A physical file cannot be deleted if it has any logical files that are dependent on it. So to delete the physical file you must first delete all of the logical files then the physical before restoring the new physical file. Obviously this would leave a problem because the Logical files would have been deleted to allow the physical file to be restored correctly.

The solution was to save all of the logical files prior to carrying out the physical file process and once that had completed restore the logical files again. Pretty simple really but it has a few challenges. Firstly there could be many logical files built over the physical and they could be in any number of libraries so you have to be able to record what logical files there are and have the ability to save them. Once you have this information you also need to be able to roll back out of the process should anything go wrong at any point.

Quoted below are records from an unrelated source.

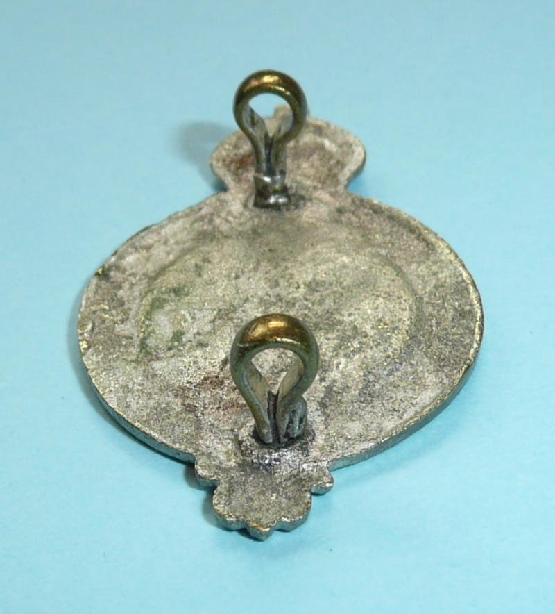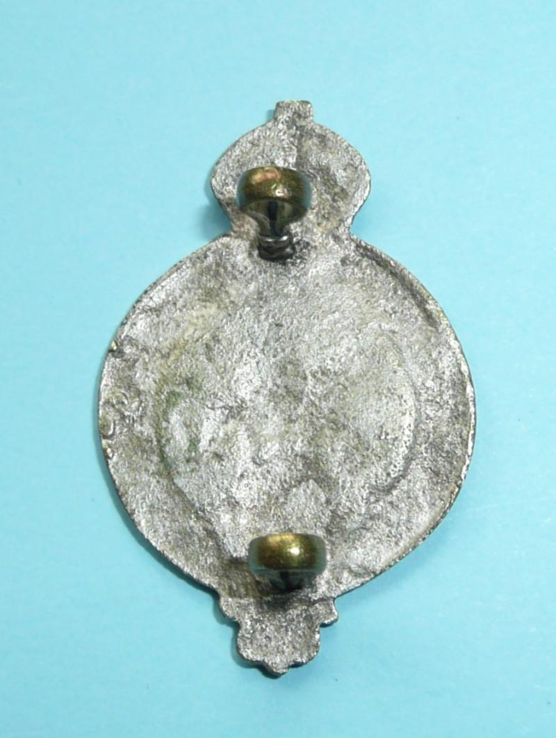 A theatre cast white metal cap badge with two original loops to the reverse. King's Crown. Circa 35mm tall. In good overall condition. Comm TeMo
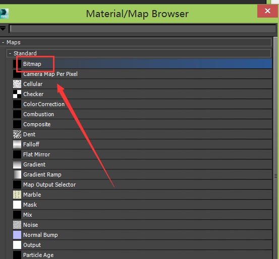 6、點(diǎn)擊這個設(shè)置盒子,彈出material/map browser對話框,在該對話框內(nèi)找到bitmap選項(xiàng),如圖所示:
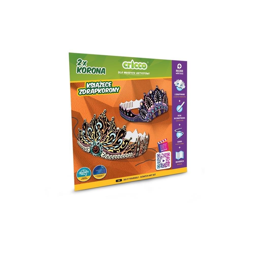 Książęce zdrapkorony to kreatywny zestaw z serii "Zrób to sam". W opakowaniu znajdziemy 2 wycięte korony w różnych kształtach z czarną wierzchnią warstwą. Za pomocą drewnianego rysika do zdrapywania, czyli patyczka, który znajduje się w zestawie, można wykonać dowolne wzory, dlatego ostateczny wygląd korony ogranicza tylko nasza kreatywność. W zestawie znajduje się również elastyczna gumka oraz ilustrowana instrukcja. Dostępne są dwa wzory koron a także karnawałowe i urodzinowe maski do zdrapywania. Na opakowaniu znajduje się też kod QR z odnośnikiem do bazy filmików DO IT YOURSELF z instrukcjami i inspiracjami do kreatywnych zabaw z użyciem produktów Cricco.
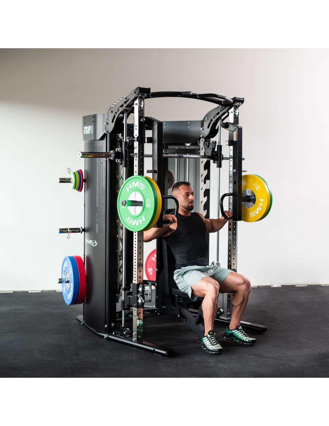 CYKLOP 10 е усъвършенствана тренировъчна станция – цялостно 3-в-1 решение, което комбинира машина Smith, силова стойка и кабелен/функционален тренажор. С два прецизни селекторни стека от 90 кг и интелигентен механизъм за свързване на лоста Smith към стека, можете да тренирате със свободни тежести, със селекторния стек – или… и с двете едновременно. Една машина, която замества половината от фитнес залата.
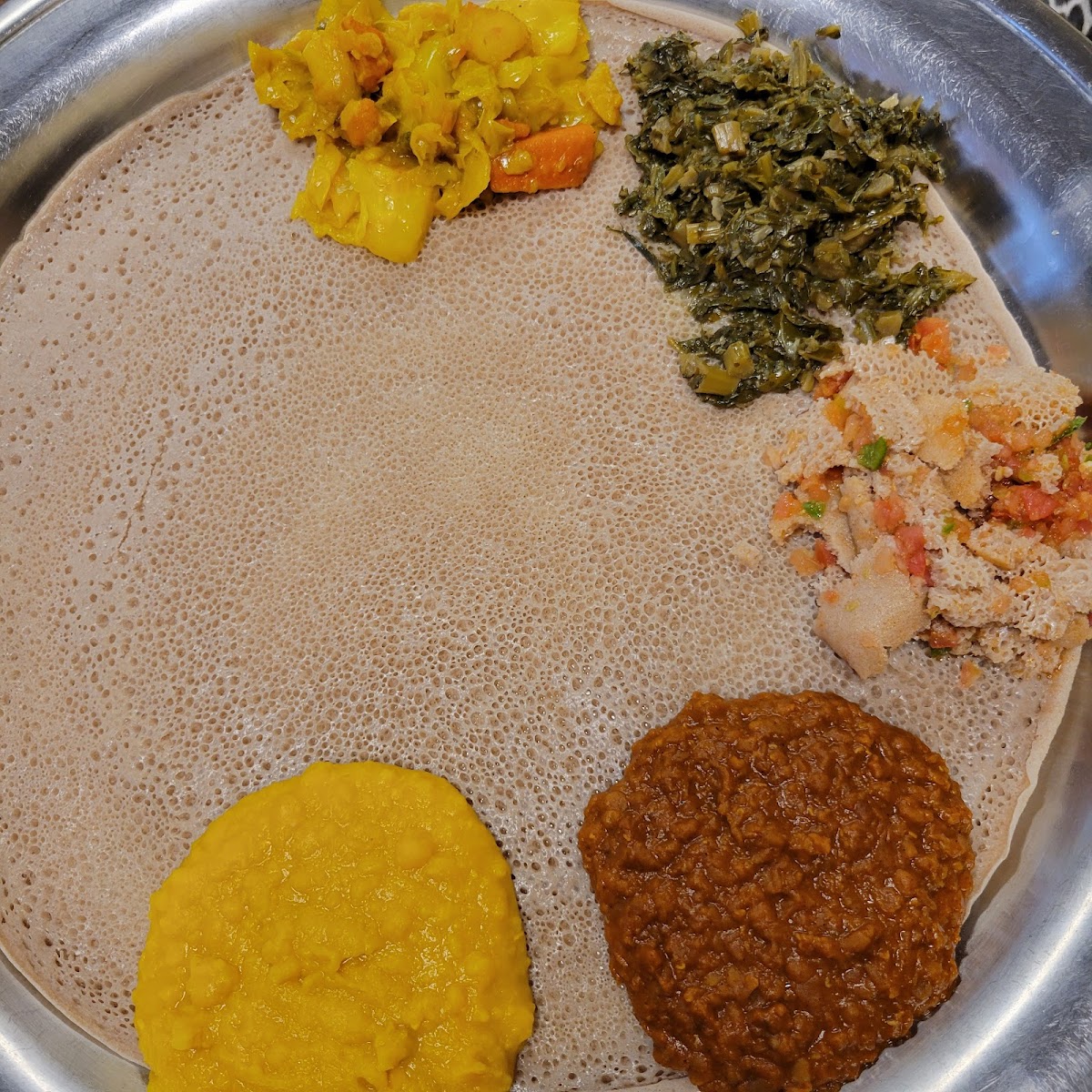 On my first visit, the server explained the menu with the ease of someone who actually eats the food they serve. Ethiopian dining can feel overwhelming if you’re new to it, but here the process is simple. You choose a combination platter, the kitchen prepares a variety of stews, and everything arrives on injera, the spongy fermented flatbread that doubles as utensil and flavor enhancer. I watched a nearby table of first-timers relax as soon as they realized sharing is the point, not a rule you can mess up.
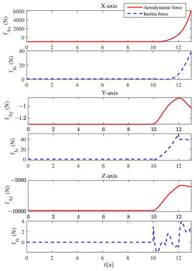 The simulation results indicate that the impact of inertial forces is relatively small during open-loop simulations under different flight conditions. However, the effects of inertial and gravitational moments are more substantial, and they have a more significant influence on the dynamic behavior of the aircraft.
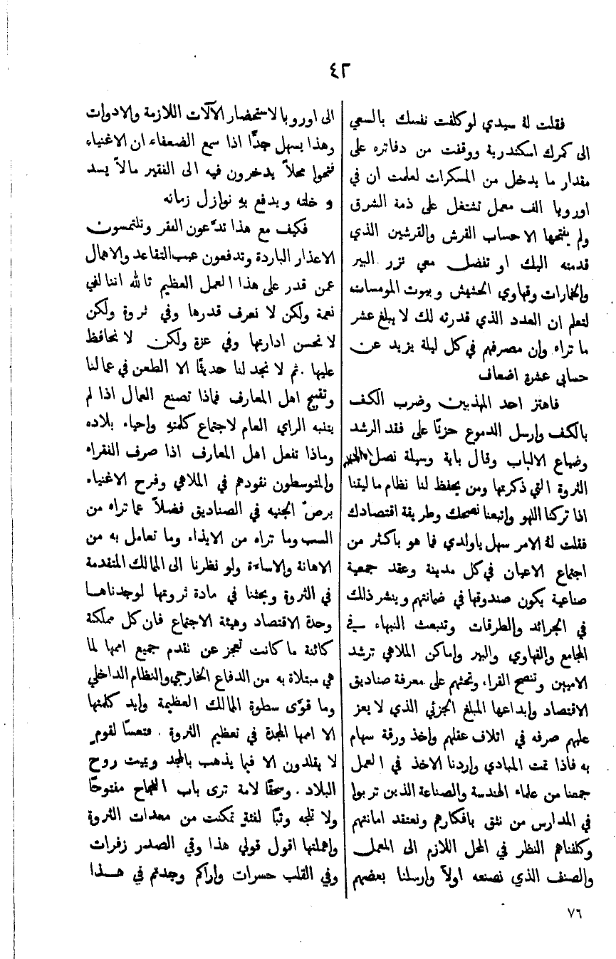 فكيف مع هذا تتدعون الفقر وتلتمسون الاعذار الباردة وتدفعون عبب التقاعد والاهمال عم من قدم هذا العمل العظيم تالله اننا لفي نعمة ولكن لانعرف قدرة وفي ثروة ولكن لانحسن ادارتها وفي عزة ولكن لانحافظ عليها. ثم لانجد لنا حديثاً الا الطعن في عمالنا وتقبيح اهل المعارف فماذا تصنع لعمال اذا لم يتنبة الراي العام لجتماع كلمتهِ واحياء بلاده وماذا تفعل اهل المعارف اذا صرف الفقراء والمتوسطون نقودهم في الملاهي وفرح الاغنياء برص الجنيه في صناديق فضلاً عما تراه من السب وما تره من الايذاء وما تعامل به من الاهانة والاساءه ولو نظرنا الى الممالك المتقدمه في الثروة وبحثنا في مادة ثروتهم لوجدناها وحدة الاقتصاد وهيئة الاجتماع فان كل مملكة كائنة ما كانت تعجز عن تقدم جميع اممها لما هي مبتلاة به من الدفاع الخارجي والنظام الداخلي وما قوى سطوة الممالك العظيمة وايد كلمتها الا اممها المجدة في تعظيم الثروة فتعساً لقومٍ لايقلدون الا فيما يذهب بالمجد ويميت روح البلاد. وسحقاً لامة ترى باب النجاح مفتوحاً ولا تلجه وتباً لفئةٍ تمكنت من معدات الثروة
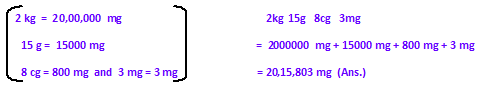 Ans.) Before solving the problem first read the problem sum very carefully. From the problem you can find, the entire problem should be converted into the ‘Centigram(cg)’ unit.
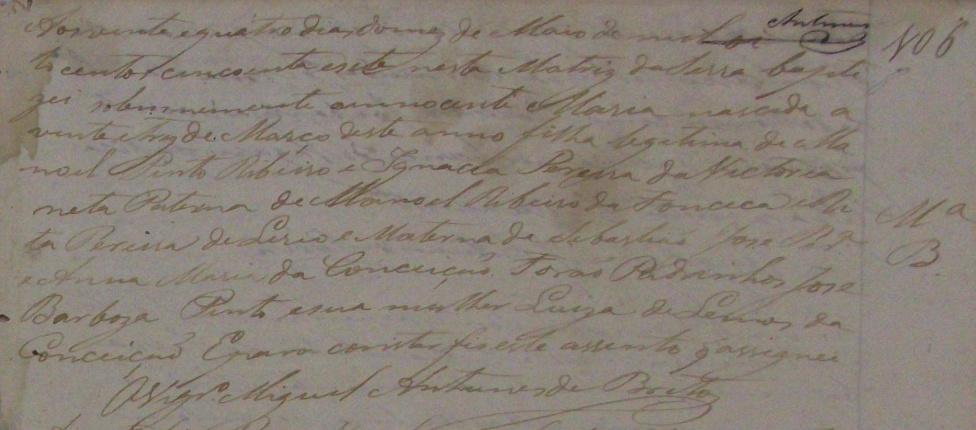 Padrinhos: Jose Barboza Pinto e sua mulher Luiza de Lemos da Conceição
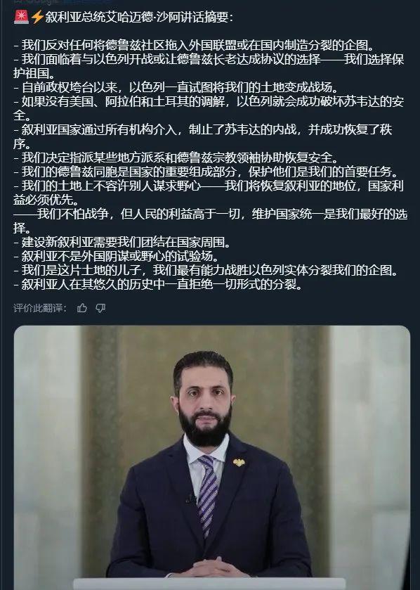但是,你答应以色列的条件,后面的麻烦就在于,朱拉尼手底下的人根本不会听头。你跟他们说,我们要忍辱负重啥的,他理解不了,他屠就完了,屠一切看不顺眼的人,对德鲁兹人这种看起来的宗教异端尤其不例外,而朱拉尼还不好强硬干涉。
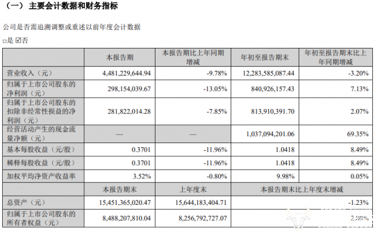 此外,同期归母净利润约为8.41亿元,同比上升7.13%。由此来看,其在第三季度利润下滑的影响并不大。
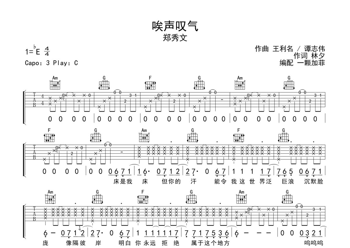 郑秀文《唉声叹气》吉他谱 - C调弹唱六线谱
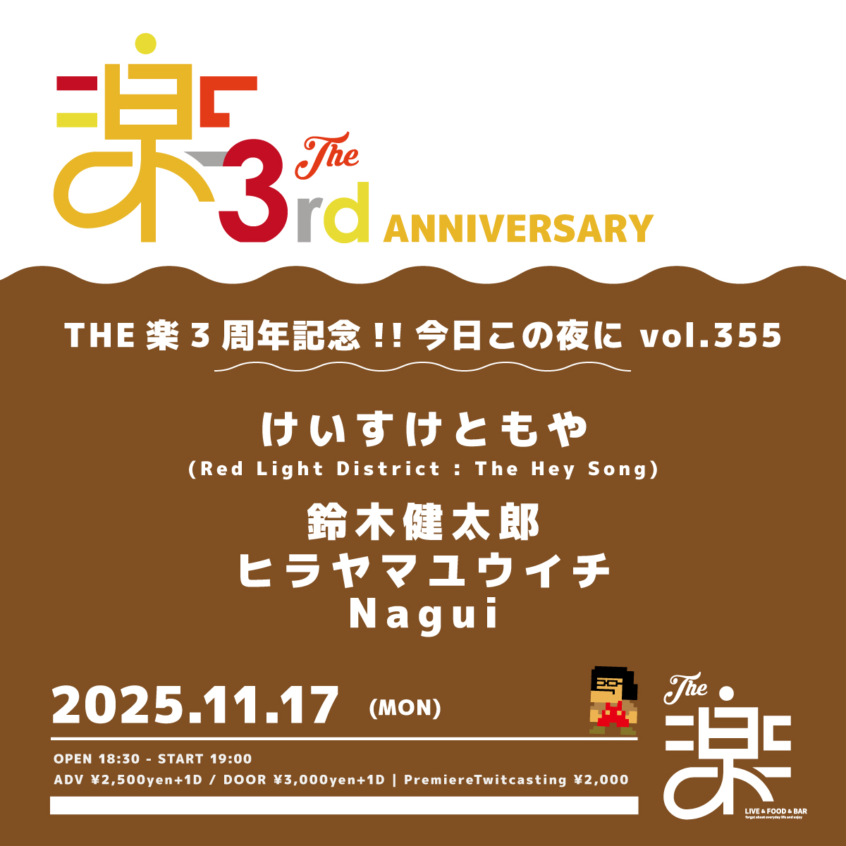 2025.11.17 MON THE楽3周年記念!!今日この夜にvol.355 OPEN 18:30 START 19:00 CAST けいすけともや (Red Light District : The Hey Song)/鈴木健太郎/ヒラヤマユウイチ/Nagui TICKET ADV : 2,500 円 DOOR : 3,000 円 入場時にドリンク代 600円 が別途必要となります。 STREAMING 2,000 円 プレミアツイキャス

We spent some time looking at the options before we came up with what appears to be a pretty elegant solution. We did take the option to limit the number of logical files we would support (200) not sure if there are too many shops out there with 200 logical files built over a physical file (if you are one of those let us know) but we didn’t think there would be many. The command will take the file object which is to be restored and the save file the object is stored in, it then retrieves the logical file information from the physical file and carries out a save for every logical file and deletes the existing one. It then deletes the existing physical file and restores it from the passed save file before restoring the logical files and cleaning up.

If you would like to try out the command it will be available for download from the site soon, if you have a need to increase the logical file count let us know and we can provide an updated version.
This will also be integrated into the Shield products at the next relevant update.

Chris…

Jun 27

DSPJRN returns strange results.


We have a client who is running our HA software who recently had files showing up as missing from the target system but they existed on the source system. Our first thoughts were there must be some process deleting and adding the files back and not journaling them. In fact this is the case, but the problem we encountered was how to identify the actual reason for the delete and which process was doing it.

The client has limited knowledge about the application and the supplier promised faithfully that they are not deleting and adding files back. We had to be able to prove that it wasn’t the HA application that was causing the issue because as usual that’s where the finger always points. The first thing we did was run a DSPJRN against the journal on the production system, for any entries for the files and using the entire receiver chain to make sure we caught everything. The command came back with 0 entries converted, as we had no history with the files we thought it must be because the files were never journaled so we had never been keeping them updated. Easy fix, we just journaled the files and sync’d them up. Then we noticed the same files re-appeared in the audits a couple of days later, the audits just reported the files did not exist on the target. Again we looked at the DSPJRN command to see what had happened and it came back stating that the file had no entries in the journal?

We believed we must have done something wrong with the journaling and sync’ing of the file. So we made the same request to start journaling and re’sync, only this time we checked to make sure the files were journaled and they were the same on both systems after the sync. Next audit came up clean so we thought OK its fixed. It wasn’t, a couple of days later the files appeared in the audit reports as missing from the remote system again!

DSPJRN on the source system yet again showed no entries! So we looked at the logs on the target system and could see the files were synced in a particular receiver as we expected. We looked closely at the entries deposited by the APYJRNCHG command and could see the file was being deleted as part of the apply process. Using the data in the receiver we were able to track down the offending program and prove to the client that we were in fact working as expected and the application and a user were responsible for deleting the files. Now the client and application vendor have to decide how they want to handle the files and if they are important for recovery. They cannot auto journal new objects due to a high volume of temporary objects being created in the database library! Why developers don’t separate temporary objects from production objects is beyond us.. Another option would be to clear them instead of deleting them!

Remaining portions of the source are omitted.